Or, c’est à lui que nous voudrions borner ce compte rendu, tant il est, dans ce recueil de reprises revues et corrigées, non seulement l’unique part inédite, mais plus encore le morceau de choix. C’est qu’en cette « table des matières » (p. 253) sur laquelle se clôt l’ouvrage se contemple de l’A. toute la maestria. Intitulée « De Être et temps à la pensée de l’Ereignis », la première partie articule, plus que les motifs du monde (pp. 27-43), de l’espace (pp. 45-58) et du temps (pp. 59-75), le traitement de chacun par les trois Heidegger – celui du Tournant, comme celui d’avant ou d’après lui. Intitulée « Une autre pensée de l’être de l’homme », la deuxième partie renvoie anthropologisme et anthropomorphisme dos à dos (pp. 79-96), unit la question de l’être à celle que nous sommes (pp. 79-96) et, derrière le dire de son dit, ressaisit l’éthique de Heidegger comme « éco-nomie de l’Unheimlichkeit » (pp. 119-132 ; ici p. 129). Intitulée « Une autre pensée du divin, du néant et de l’être », la troisième partie – toutes pièces à l’appui insistons-y – , instruit les dossiers de la relation de Heidegger à la théologie jusque dans la « théiologie de la pensée » (pp. 135-154 ; ici p. 153), de sa conception du nihilisme dans sa différence d’avec celle de Jünger (pp. 155-169) et de sa compréhension du commencement grec dans l’explicitation de la parole d’Anaximandre (pp. 171-185). Intitulée « D’une pensée qui ne serait plus philosophie », la dernière partie s’interroge sur l’existence d’une philosophie de l’histoire chez Heidegger (pp. 189-206), sur la signification de la fin de la philosophie sous sa plume (pp. 207-226) et sur le sens de l’avenir de la présence humaine dans l’événement de l’être (pp. 227-250).
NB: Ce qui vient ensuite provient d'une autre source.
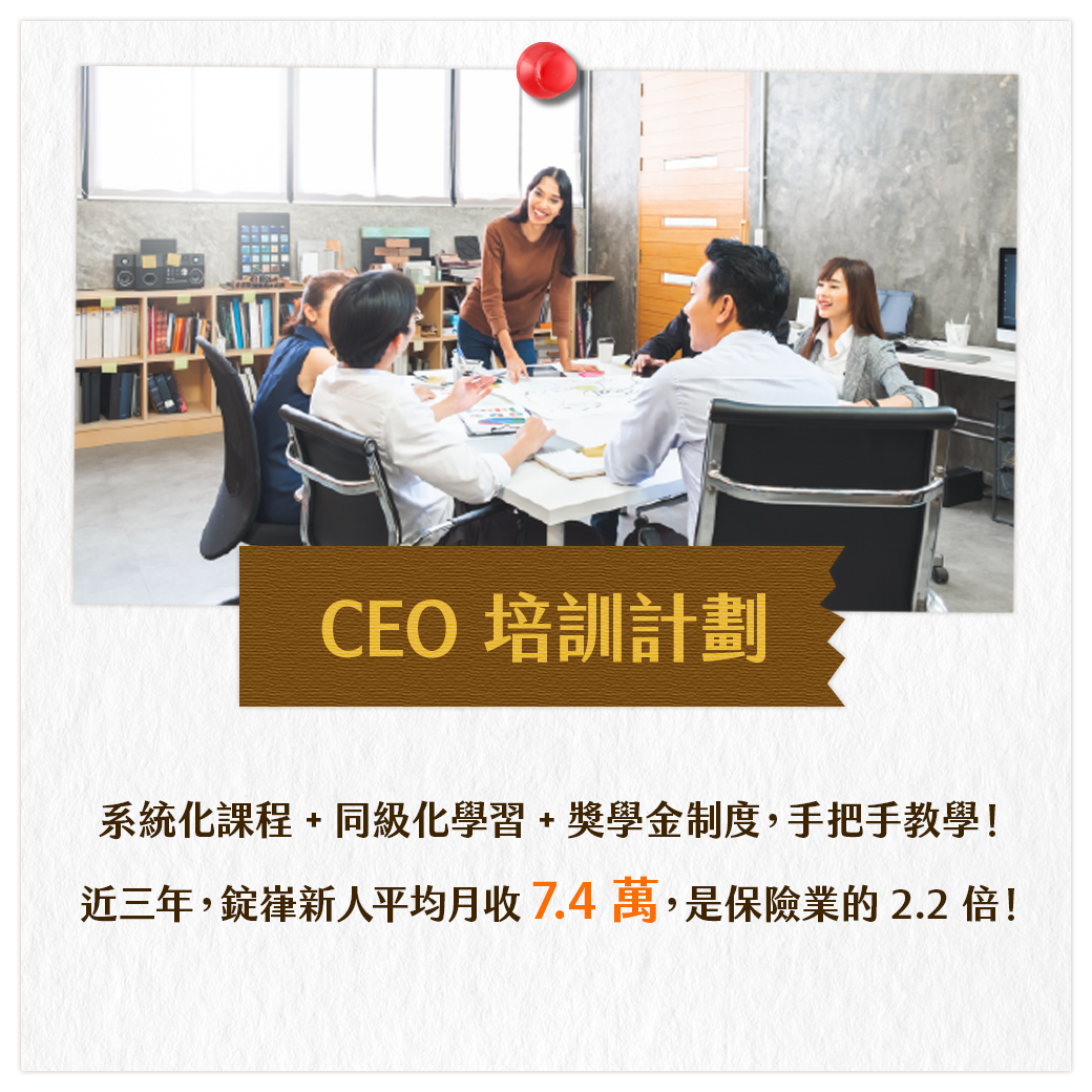 公司永續經營的關鍵在於對人才的投資!錠嵂保經以專業的CEO培訓計劃幫助你實現事業轉型,為你帶來更廣闊的發展空間!

Tout n’est-il pas là ? Tout, c’est-à-dire chacune des lignes de force que nous observons à lire les lignes dédiées par Heidegger à l’établissement de cet autre commencement de la pensée qui fait sa pensée ?

L’herméneute le plus fin d’un penseur toujours en chemin se doit d’offrir au lecteur, pour traverser son œuvre, la meilleure des boussoles. Avec Heidegger et la pensée à venir, Françoise Dastur, en offre une très bonne. Mais si le diable se cache dans les détails, Hermès se niche ici dans le sommaire.